Jeremy Hunt, the UK foreign secretary, has stated that the UK will now oppose motions criticizing Israel’s actions in Gaza and the West Bank which are discussed under Agenda Item 7 of the United Nations Human Rights Council (UNHRC).

Agenda item 7 is a permanent feature on the UNHRC’s annual agenda. The article forces the Council members to discuss the: “Human rights situation in Palestine and other occupied Arab territories.” Despite atrocities such as ethnic cleansing in Myanmar, the Syrian Civil War, the Yemeni Civil War and the annexation of Crimea; none of these issues are a fixed topic of discussion in the UNHRC. In relation to the permanent fixture, Jeremy Hunt said that “By any standard of fairness or proportion, elevating [the Israeli-Palestinian] dispute above all others cannot be sensible.”

This does not mean that the UK will no longer critique Israeli action in the Occupied Palestinian Territories, nor is the UK changing its policy towards finding a two-state solution, the UK simply objects to the procedure in principle. Hunt explained that the Government is willing to discuss the Israel-Palestine issue and that “The UN has every right to address these grave matters in a measured and proportionate way. In the future, Britain will continue to support scrutiny of Israel and the Occupied Palestinian Territories in the HRC, so long as it is justified and not proposed under Item 7.”

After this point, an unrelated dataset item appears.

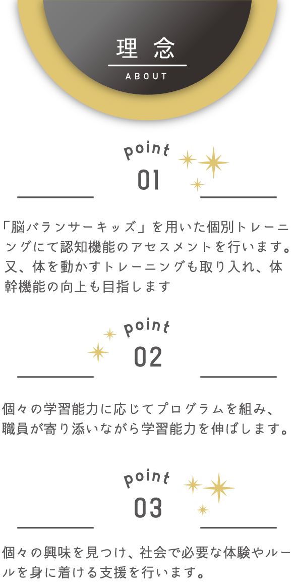 当事業所は、お子様一人ひとりの個性を大切にし、日常生活の基本や集団行動などを職員と一緒に学んでいきます。また、一人ひとりにあった療育プログラムを通し、新しい発見を共に目指します。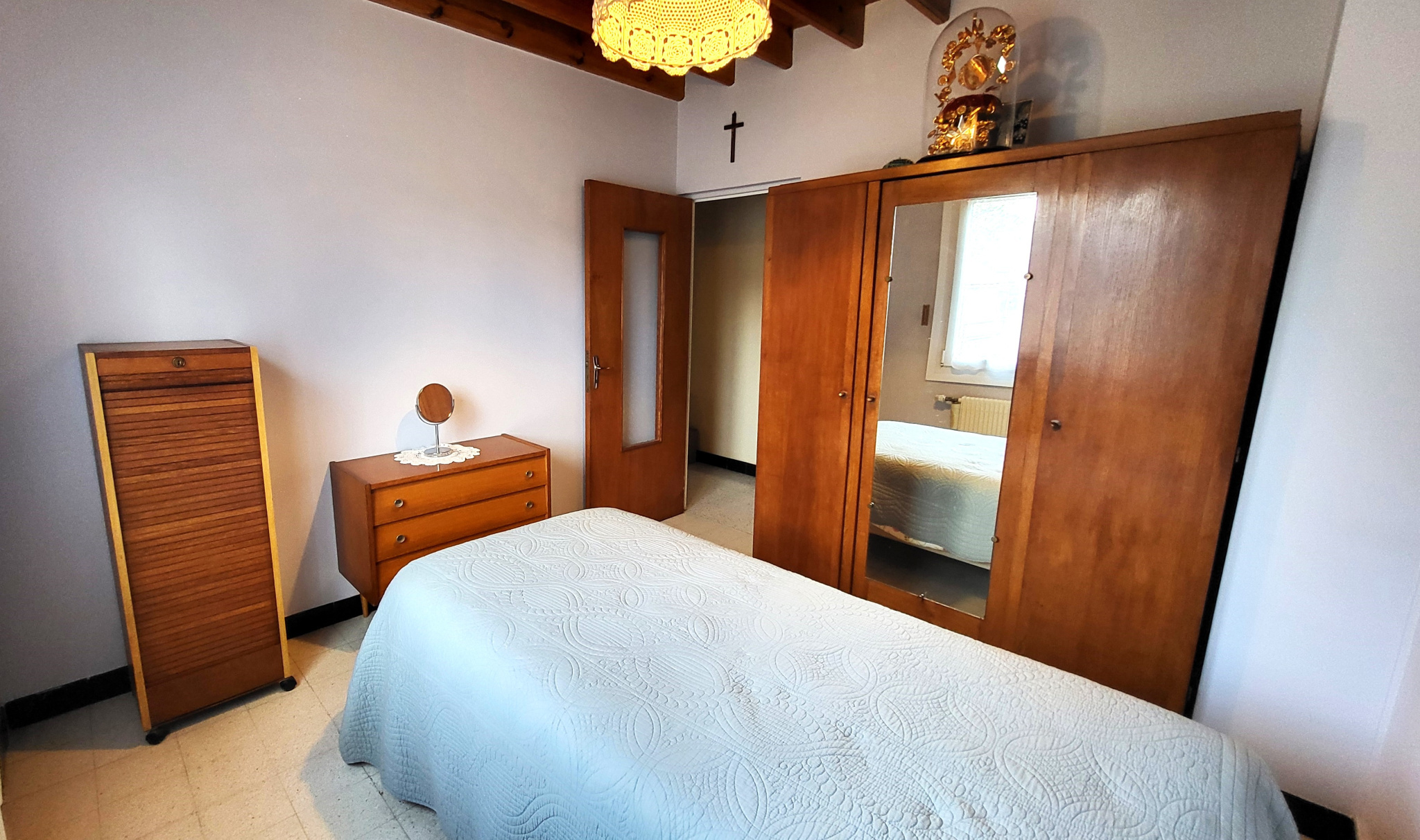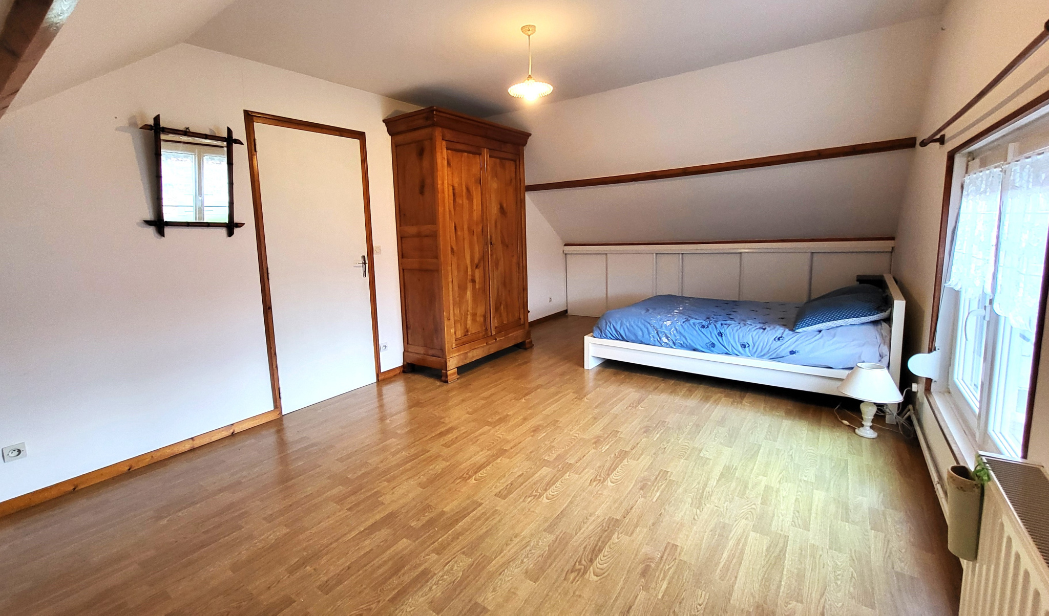 A l'étage, une grande chambre sous combles (env.30 m² au plancher / 15.85 m² habitables), et grenier aménageable ( 51 m² au plancher, carton bitumé sur rampants, isolation au plancher).

At the same time that the UK denounced this article, Anders Samuelsen, the Danish foreign minister tweeted: “It is fundamentally wrong that Israel as the only country in the world has an entire agenda item dedicated to it in the UN Human Rights Council. Tomorrow, therefore – out of principle – Denmark will vote NO to all resolutions under #HRC Item 7.”

These decisions will likely please US President Donald Trump who has decisively changed the US’s discourse towards Israel. The US quit the human rights council last year claiming that the council held a “chronic bias against Israel.” The Trump administration caused similar controversy over recognizing Jerusalem as the capital of Israel and deciding the relocate the US Embassy to Jerusalem last year.

On 25 March President Trump signed a proclamation recognizing the Golan Heights as Israeli sovereign territory. The Golan Heights is an area along Israel’s northern border which it took from Syria after The Six-Day War in 1967. Donald Trump’s proclamation has been warmly welcomed by Prime Minister Netanyahu as support to solidify the legitimacy of Israel.

Despite the UK and US’ approach to Israel being hailed as major geopolitical actions, there is a considerable possibility that the motivations behind these decisions are based far more around domestic policy agendas.

Some claim that Donald Trump has increased his diplomatic support of Israel during the last year in order to galvanize evangelical Christians and the gradual increase in the number of Jews who have abandoned the Democratic party for the Republican party to support him; all in the wider context of securing voters during the next presidential elections in 2020.

Similarly, there are claims that the Conservative party is also playing politics. Numerous claims of anti-semitism have been filed against Jeremy Corbyn and his lack of action in resolving these issues has been widely criticized. The inherent problems have even led to MPs resigning and forming The Independent Group. Given the current volatility in British politics and the chances of another General Election being circulated, the Conservatives’ recent actions may signify more than a simple declaration about Agenda Item 7.